– Цивилиус, ты прости меня, неуча… Я первый день здесь, и многое мне непонятно. Вот ты бол… говоришь, говоришь, а ведь мне многое неясно, и даже, извини, мысли нехорошие закрадываются…
– Ха-ха-ха, кх-кх, ха-ха-ха, – Цивилиус долго не унимался. Он по-стариковски откашливался и заливался новой порцией смеха.

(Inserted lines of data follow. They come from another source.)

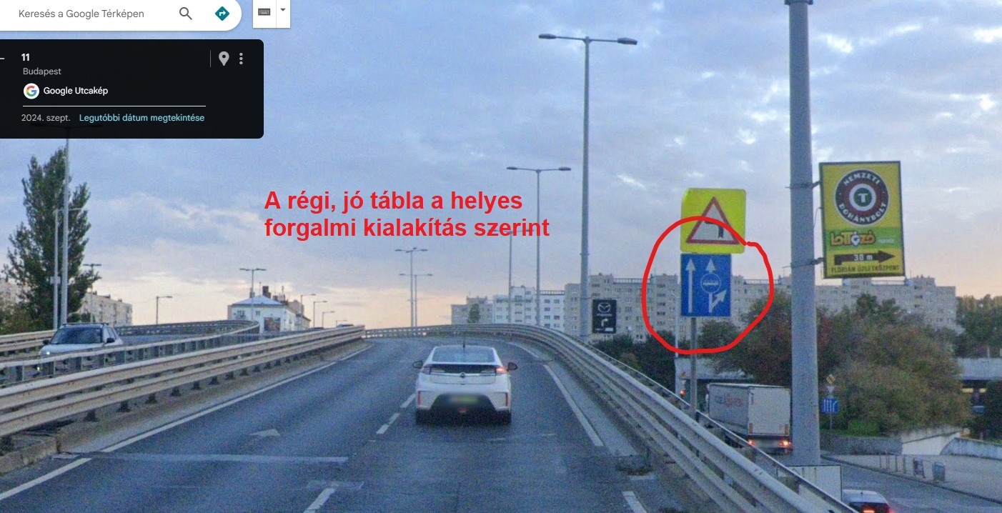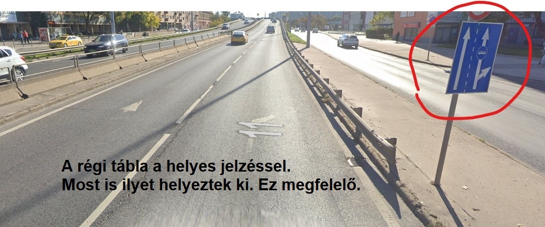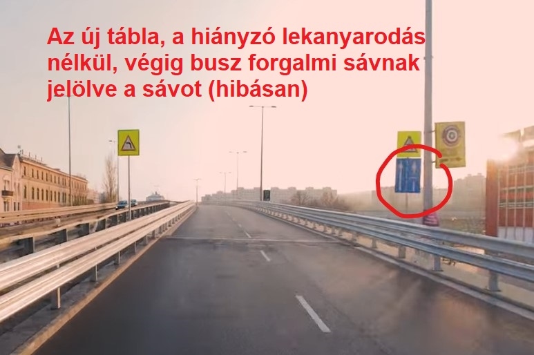 Az Árpád-híd déli felhajtójának felújítása után az egyik forgalmi sávokat jelző táblánál hiba van jelenleg. A felhajtó elején helyesen a korábbi táblát helyezték vissza, de a második táblánál cserélték, de nem jóra. A jelenlegi forgalmi rend szerint ugyanis mindkét sáv normál sáv, csak a Serfőző utcai lehajtó után lesz a jobb oldali sáv autóbusz forgalmi sáv. Ezt jól jelzi a felhajtó elején a tábla (lásd korábbi kép) - ugyanilyet tettek vissza, de mint ahogy a többi képen is látszik a második táblát nem jóra cserélték. Kérjük, hog tegyék szinkronba a táblákat és végezzék el a második tábla cseréjét. Köszönjük!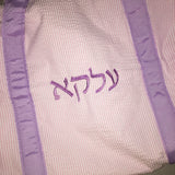 This pink and purple seersucker kids toiletry bag is a great size, made with a sturdy nylon fabric shell and lined inside. Can be personalized in English, Hebrew or a Monogram.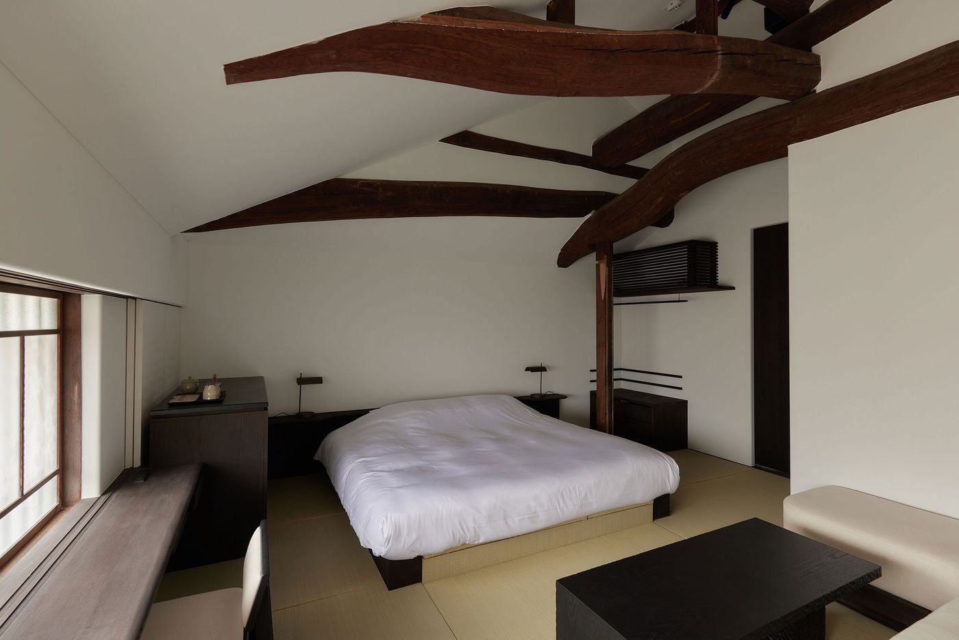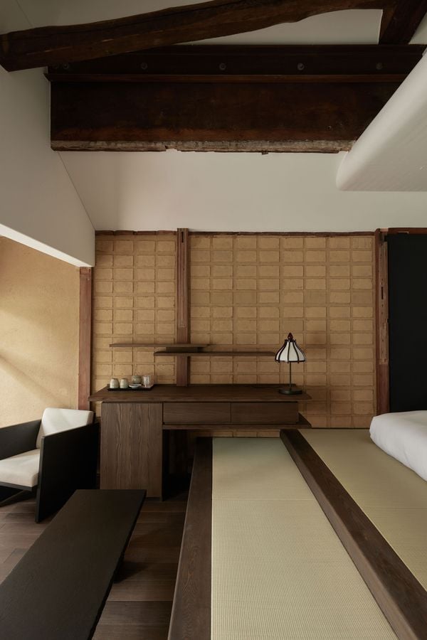 (Photography:Shinsui Ohara)飯店僅有 13 間客房,尺度不大,卻恰到好處。從精巧的單間到複層式空間,部分房型還擁有私人庭院。外露樑柱、榻榻米與和紙拉門,勾勒出老倉敷的質地;而以檜木與杉木打造的當代家具,則讓空間不至於落入懷舊。整體色調收斂於大地色系,搭配手工織品與藝術物件,營造出一種低調的靜謐感。

Тень тоже заулыбался. Сначала настороженно, потом, слыша, как искренне смеётся старик, он не выдержал и засмеялся вместе с ним. Ему представился благообразный седой старик, катающийся, как ребёнок, по полу и весело, задорно дрыгающий сухожильными ножками в воздухе.
– Ха, да, ха-ха, – Цивилиус начал успокаиваться.
Тень представил, как тот вытирает старческие глаза, на которых проступили слёзы, вызванные заразительным смехом.
– Рассмешил… ох, рассмешил! Так ты посчитал меня сумасшедшим. Вот, мол, старик совсем из ума выжил, чушь несёт. Так?
Тень слегка пожал плечами.
– Так? Та-ак! С вами можно сойти с ума, но слава… нет, точно, стар стал – заговариваюсь. Кх-кх. – Цивилиус замолчал, словно споткнулся. Через секунду он снова заговорил. – Не забывайся: я хоть и служитель Триумвирата, но при этом абсолютно бесстрастен. Тем и живу до сих пор. А так бы точно… Я бесстрастен, бесчувственен, я наблюдатель с правом голоса и при всём том – я обладаю и чувствами, и мне не чужды страсти.
– Такое невозможно, нельзя оставаться безучастным, являясь частью действа!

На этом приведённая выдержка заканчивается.